Article Directory
1. What is architecture
"Architecture" refers to the functional specification, and the ARM architecture is the functional specification of the ARM processor, including the following main contents:
- Instruction set: the function of each instruction, the representation method (encoding) of the instruction in memory;
- Register set: the number, size, function, and initial state of registers;
- Exception model: different privilege levels, exception types, and processing actions when adopting exceptions and returning from exceptions;
- Memory model: the order in which memory is accessed, the behavior of caches when software must perform accurate maintenance;
- Debugging, Tracing, and Statistics: How to set and trigger breakpoints, what and how trace tools can capture information.
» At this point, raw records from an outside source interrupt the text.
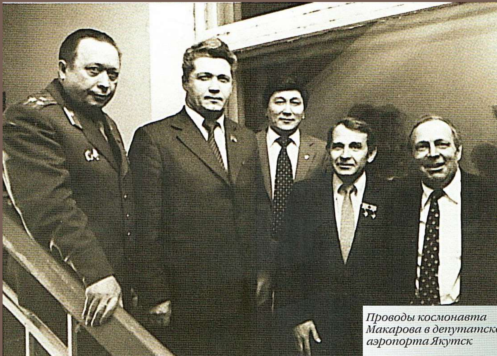
Проводы космонавта Макарова в депутатском зале аэропорта Якутск
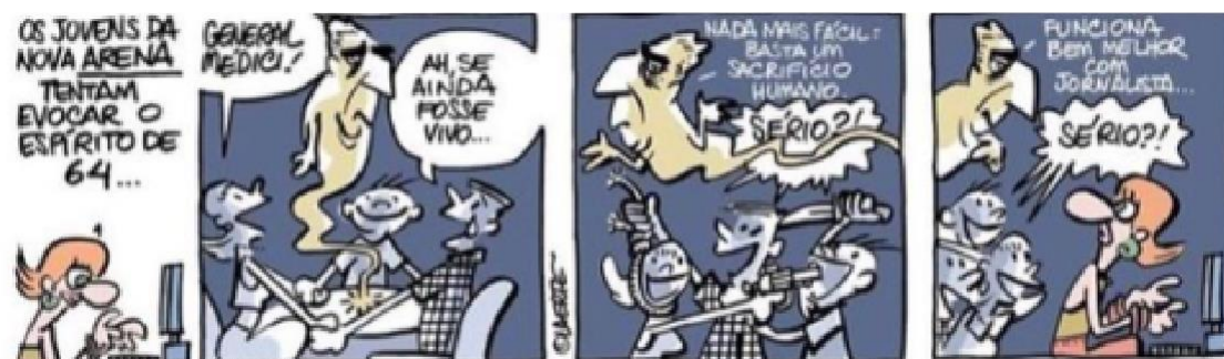
Figura 16 - Fantasma da ditadura 3

Autor: Laerte Coutinho. Ano 2018.
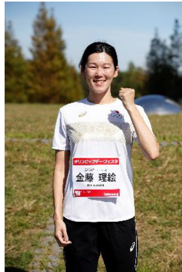
金藤理絵 (水泳/競泳)
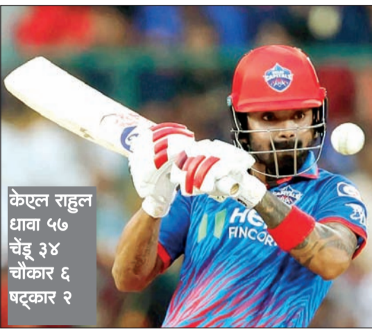
केएल राहुल धावा ५७ चेंडू ३४ चौकार ६ षटकार २

बंगळूर, १८ एप्रिल शनिवारी एम. चिन्नास्वामी स्टेडियमवर इंडियन प्रीमियर लीग क्रिकेट सामन्यात केएल राहुल (५७) व ट्रिस्टन स्टब्सचा (५०) अर्धशतकी खेळीच्या बळावर दिल्ली कॅपिटल्सने रॉयल चॅलेंजर्स बंगळूरवर (आरसीबी) एक चेंडू शिल्लक ठेवित ६ गड्यांनी विजय मिळविला. दिल्लीचा हा पाच सामन्यातील तिसरा विजय असून त्यांनी ६ गुणांसह गुजरातला मागे टाकत चौथे स्थान मिळविले. आरसीबीचा हा सहा सामन्यातील दुसरा पराभव असून ते ८ गुणांसह दुसऱ्या स्थानावर कायम आहे.
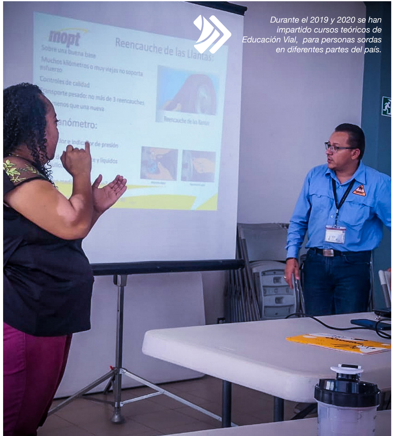
Durante el 2019 y 2020 se han impartido cursos teóricos de Educación Vial, para personas sordas en diferentes partes del país.

El Ministerio es el responsable de todo el sistema nacional de acreditación de conductores, incluyendo el proceso de formación y expedición de licencias de conducir.

"Architecture" does not directly explain how to build a processor and work, it just provides a behavior specification between software and hardware, the specific processor construction and design is called "micro-architecture" Micro-Architecture, micro-architecture includes:
- Pipeline Length and Layout
- Number and size of caches
- The number of cycles of a single instruction (one instruction cycle corresponds to several clock cycles)
- Other optional features
Two, ARM architecture classification
ARM provides three architectural profiles:
- A-Profile (application): used in complex computing applications, such as servers, mobile phones, and car hosts;
- R-Profile (real-time): Used where real-time response is required, such as safety-critical applications or applications that require deterministic response, such as medical equipment, vehicle steering, braking and signaling, etc.;
- M-Profile (microcontroller): used in places with strong requirements for energy efficiency, power consumption, and size, such as deeply embedded chips, small sensors, communication modules, and smart home products.
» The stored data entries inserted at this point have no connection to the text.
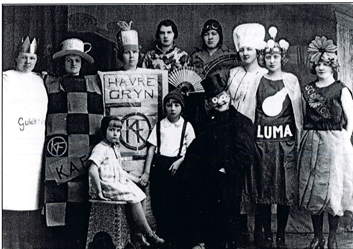
Järpens kooperativa kvinnogille gör en tablå med kooperativa produkter.

I likhet med resultatet av inventeringen av Bergs kommun uppvisar Åre kommun ett stort antal ekonomiska och kooperativa föreningar . Andelen ekonomiska föreningar ligger på 34%, vilket är ca 14% högre än Krokoms och Härjedalens och ca 4% högre än Bergs. Det jämförelsevis höga antalet registrerade föreningar av denna typ förklaras delvis genom att glesbygdssområdena i regel uppvisar en hög förekomst av ekonomiska och kooperativa föreningar. Den service som i städer och tätorter varit en kommunal angelägenhet, har på landsbygden fått ordnas av byborna själva genom bildandet av olika ekonomiska och kooperativa föreningar. Idag sköts de flesta av dessa serviceområden av stat och kommun, men det betyder inte att denna föreningstyp har försvunnit. En del gamla föreningar är fortfarande aktiva och nya har kommit till, tex ekonomiska byutvecklingföreningar, föräldrakooperativa daghem och bostadsrättsföreningar. Hallens och Åre socknar uppvisar de största andelarna ekonomiska och kooperativa föreningar av det totala antalet inventerade föreningar med vardera 37%. Dock ligger ingen av de inventerade socknarna i kommunen under 27% när det gäller denna kategori föreningar.
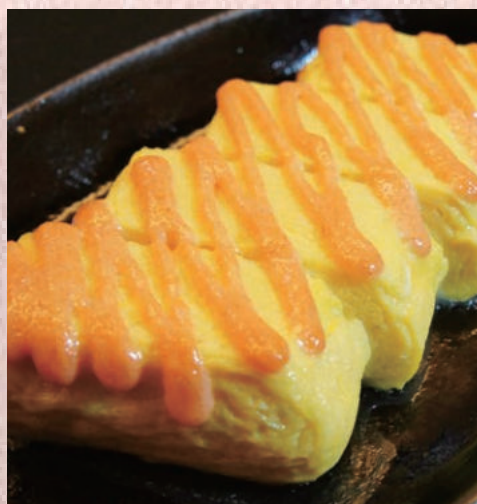
明太マヨ出し巻玉子
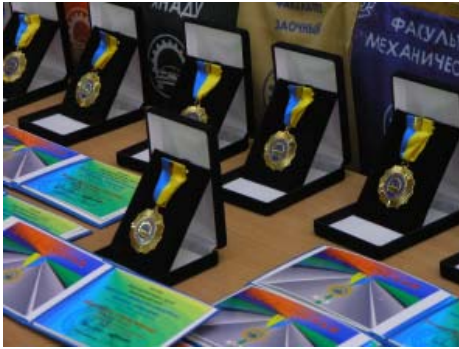
Почесний знак ХНАДУ «За видатні заслуги»

До ювілейних дат виготовляється та видається святкова атрибутика: почесні знаки, збірки, збірники, буклети, проспекти, фотоальбоми, кейси, значки, вимпели, прапорці, ручки, годинники, футболки тощо – із символікою ХНАДУ, що також сприяє патріотичному вихованню молоді.
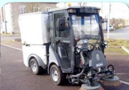
Passage de la balayeuse dans les rues
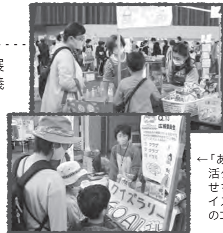
「あなたも生活クラブはかせちゃん！クイズラリー」のゴール
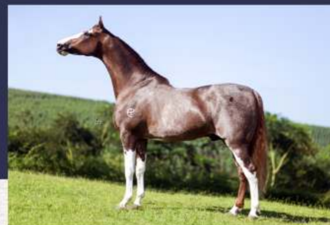
Prêmio do Otnacer (te)

Na batida do martelo o comprador faz a opção por uma das dessas éguas e adquire 50% (cinquenta por cento) das cotas da escolhida. O comprador leva a égua que escolher para sua propriedade e com ela permanece por 12 (doze) meses a contar da data de aquisição. Ao fim desse período a égua retorna para a vendedora, alternando-se assim o local de alojamento sucessivamente a cada período de 12 (doze) meses.
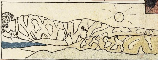
Корвин, К. «Панно для сибирскаго павильона на Парижской выставкѣ».

Изображена наша промышленность и ея чудная дѣятельность.
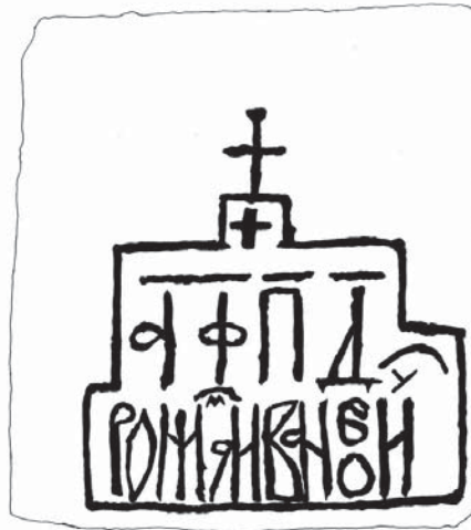
Мал. 3. Пам'ятна плита Романа Івановича (фотографія і промалювання)
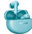
OnePlus Buds 3 Pro
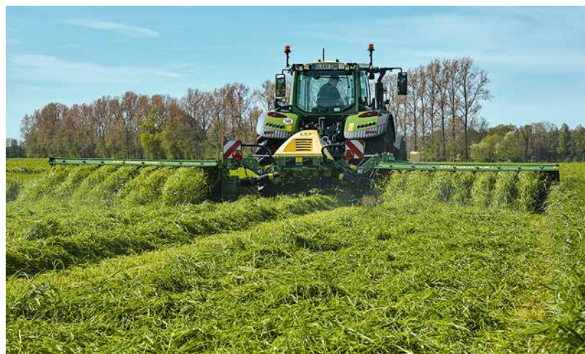
△ Den Einsatz des Aufbereiters erkennt man bereits beim Mähen mehr als deutlich. Das Futter wird intensiv geknickt (rechts) und kann so schneller abtrocknen. Ohne Aufbereiter (links) liegen die Grashalme nahezu unberührt in der Reihe.
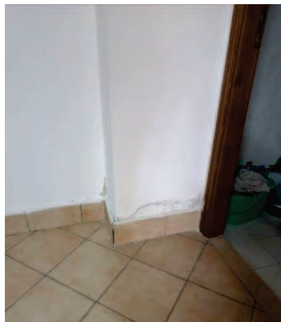
Fig. 14 Parete ingresso wc.
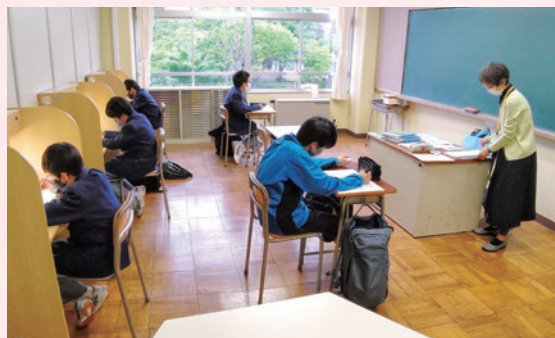
放課後補習教室の様子

令和4年度から江戸川区教育委員会が開始した「江戸川区放課後補習教室」に、 令和5年度は新規に「英語」の補習も加え 、一層その取り組みの充実を図ります。学習塾Z会グループ「株式会社エデュケーションネットワーク」からの講師の先生の派遣を受け、生徒は週に一回都合のよい曜日を選んで、午後4時から6時までの2時間、「 数学 」「 英語 」の補習に取り組みます。本校独自に 一回の講座の受講生を3名に絞り込み 、年間150回の講師派遣を有効に活用します。
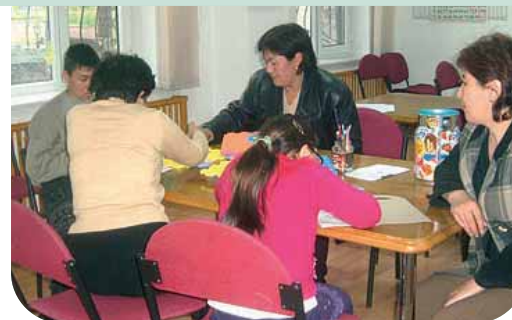
Ragazzi del centro giovanile di Almaty, Kazakistan

Un dibattito e un confronto sull'educazione tenutosi lo scorso gennaio al Centro giovanile di Almaty, in Kazakistan, scaturito dopo la proiezione del film francese "Les Choristes - I ragazzi del coro" e promosso da MASP, l'associazione locale partner di AVSI che nel paese asiatico realizza progetti in sostegno dell'educazione e della formazione al lavoro prevalentemente a favore di ragazzi disagiati. Il film, che narra la storia di alcuni ragazzi ospiti di un istituto per minori difficili e del particolare rapporto che nasce con il loro insegnante di musica, è in realtà lo specchio del cambiamento possibile dell'essere umano se seguito, accompagnato e stimolato al dialogo. All'evento hanno partecipato tutti gli assistenti sociali che lavorano con i bambini invalidi del Centro di occupazione e della difesa sociale del quartiere Turksibskij, gli educatori della

The construction and design of a processor is called a "microarchitecture." The microarchitecture defines how the processor works, including: the length and layout of the pipeline, the number and size of caches, the number of cycles for a single instruction, and other optional features.
Arm-A architecture
Armv7-A
(1) Instruction set
The ARMv7-A architecture is a 32-bit processor architecture, which is also a load/store architecture, that is, data processing instruction operations are completed in general-purpose registers, and only load/store instructions can access memory. In addition, there is another major feature of the ARM instruction set, that is, almost all instructions in the ARM instruction set can add condition codes.
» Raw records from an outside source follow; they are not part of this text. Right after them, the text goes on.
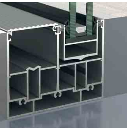
Schüco Schiebesystem ASS 39 PD.NI Schüco Sliding System ASS 39 PD.NI

Ungedämmtes Aluminium Schiebesystem Non-insulated Aluminium Sliding System
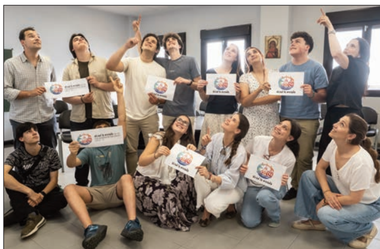
La Unidad Pastoral Santiago-Salvador, alzando la mirada
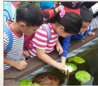
교과서에서 본 식물이야!
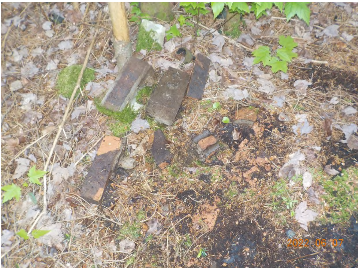
Figure 18: Déchets à ramasser (brique, bois et bardeaux enfouis sous matière végétale) – pts suppl. B
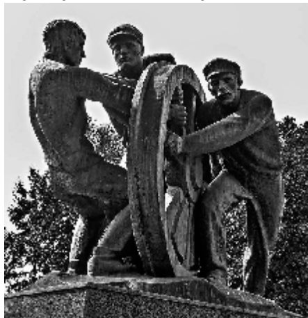
Памятник первому коммунистическому субботнику (г. Москва)

революционного энтузиазма становилось всё меньше. Принцип добровольности при проведении субботников фактически превратился в «добровольно-принудительный». На предприятиях и в учреждениях администрация просто объявляла дату очередного выходного дня (в 1967 г. к выходным дням добавили субботу), когда люди вместо отдыха должны были бесплатно работать. Редко кто решался выразить несогласие, как правило, люди предпочитали не спорить с властью.
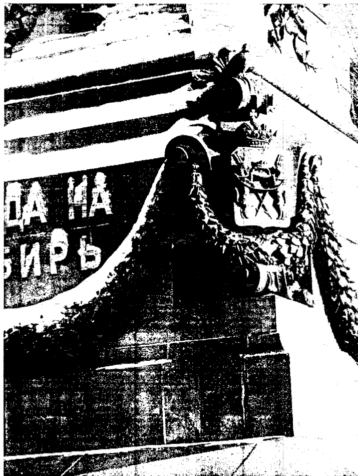
Фото 6 – С западного угла герб Сибирского царства
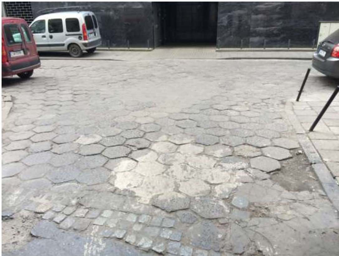
Rysunek 10 Stan nawierzchni - wjazd od strony pl.Kościuszki
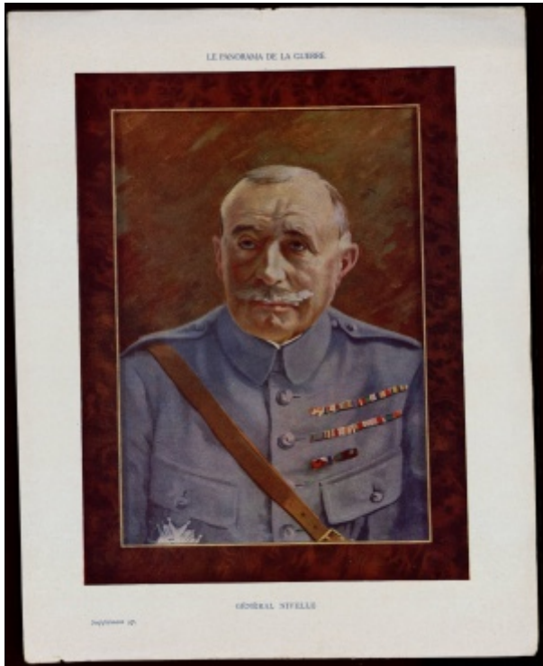
Portrait de Nivelle, planche illustrée. ADY 23FI 1

Le 16 avril 1917 à 6 heures du matin, l'armée française lance une vaste offensive sur environ 25 kilomètres de front le long du Chemin des Dames. C'est l'offensive « Nivelle » du nom du général qui a planifié cette attaque et qui reste dans les mémoires de la Grande Guerre associé aux mutineries de 1917.
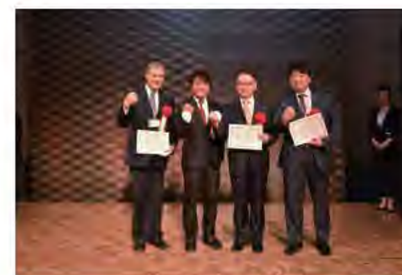
学会長主催パーティーの様子。

The ARM instruction set can be classified into the following four categories:
- Data processing operations (ALU operations such as ADD);
- memory operations (load/store);
- control flow (loops, jumps, condition codes, etc.);
- System (coprocessor, debug, mode switching, etc.).
Armv7-A supports Arm (A32) and Thumb (T32) datasets.
ARM core can only perform data processing on registers, not directly on memory.
Data manipulation instructions generally consist of a target register and two source operands. All ARM data manipulation instructions can be suffixed (Suffix) and affect the status flag (CPSR). Its basic format is as follows:
Operation{cond}{S}Rd,Rn,Operand2 - Operation : instruction mnemonic;
- cond: execution condition;
- S: suffix, whether it affects the status bit of the CPSR register;
- Rd: target register;
- Rn: the first operand register;
- Operand2: the second operand;
- {}: optional.
(2) Processor mode
The ARMv7 architecture supports security extensions. If security extensions are enabled, the ARMv7-A architecture is divided into two worlds: secure mode (Secure State) and non-secure mode (Non-secure State).
In non-secure mode, there are three operating privileges PL0, PL1 and PL2 (privilege level).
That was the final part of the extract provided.